Just five ingredients (salt included) stand between you and this simple vegan halloumi cheese. Just like the original, this halloumi is deliciously salty with a subtle cheesy tang. Serve it on sandwiches, over salads, or all on its own.
This recipe has been on my to-make list for years.
I say that a lot. Must be that gnarly procrastination cycle rearing its ugly head.
This recipe idea cropped up while making these rainbow summer rolls two years ago. Something about the texture of the tofu reminded me of halloumi cheese, and I figured there had to be a way to leverage it to create a vegan version of the salty, firm, melt-resistant cheese.
And so here we are a couple years later.
To make this vegan halloumi cheese, you'll start by slicing a block of extra firm tofu into square pieces like so...
Note: To amplify the halloumi texture, I recommend pressing the tofu using a tofu press before cutting it; however, you can absolutely skip this step if you're in a time crunch or simply don't feel like fussing with a tofu press.

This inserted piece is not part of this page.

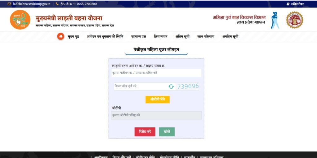सबसे पहले अपने मोबाइल या कंप्यूटर के ब्राउज़र में मुख्यमंत्री लाड़ली बहना योजना की आधिकारिक वेबसाइट cmladlibahna.mp.gov.in खोलें।

Once you've sliced the tofu, prepare the halloumi marinade. The marinade is made with a simple combination of nutritional yeast flakes, lemon juice, olive oil, and sea salt.
The nutritional yeast flakes add a savory cheesiness. The lemon juice adds a cheesy tang. The olive oil adds richness. And the salt adds... well, saltiness.
Once you've whisked together the marinade, brush or spoon it over each tofu square, being sure to evenly coat all sides.
Now, you have two options.
Option 1: Cover the tray and refrigerate it, allowing the tofu to marinate for a few hours (up to 12) to fully enliven that salty, cheesy, halloumi flavor.
Option 2: Cook it straight away, opting for a milder (but still delicious) halloumi quality.
Either way, you'll cook the "halloumi" by heating a large skillet and searing each piece of tofu to create a delicious, cheesy crust.
Word to the wise: Flip on the fan or hood over the stove to ventilate while cooking. The searing process can be a bit smoky depending on the type of pan you use.
Once the halloumi is cooked, enjoy it all on its own or on sandwiches, salads, etc.
Vegan Halloumi Cheese
- 1 (15-ounce) block extra-firm tofu, drained*
- ¼ cup nutritional yeast flakes
- ¼ cup fresh lemon juice
- 2 tablespoons olive oil
- ¾ teaspoon sea salt
- Line a large tray with parchment paper.
- Slice the tofu crosswise into ½-inch-thick planks. Then, cut each plank in half crosswise. Transfer to the lined tray.
- In a small bowl, whisk together the nutritional yeast, lemon juice, olive oil, and sea salt until smooth.
- Brush each piece of tofu with the nutritional yeast mixture, being sure to flip and coat all sides evenly.
- Now, you have two choices. For full-flavor halloumi, cover the pan and refrigerate for two hours (or up to 12 hours) to marinate. For quick halloumi, proceed with cooking straight away.
- Heat a large skillet over medium-high heat.
- Once the pan is hot, add the tofu in a single layer (you'll need to do this in two batches). Use the back of a spatula to lightly press down on the tofu (you should hear it sizzle and steam). (Note: Depending on the type of pan you use, this process can be quite smoky, so be sure to ventilate the area properly.)
- Cook for 2 to 3 minutes, or until the pan-facing sides are golden-brown. Flip, and continue to cook for another 2 to 3 minutes, or until golden-brown.
- Serve warm or cold on sandwiches, over salads, or all on its own.
- Refrigerate leftovers in an airtight container for up to two days.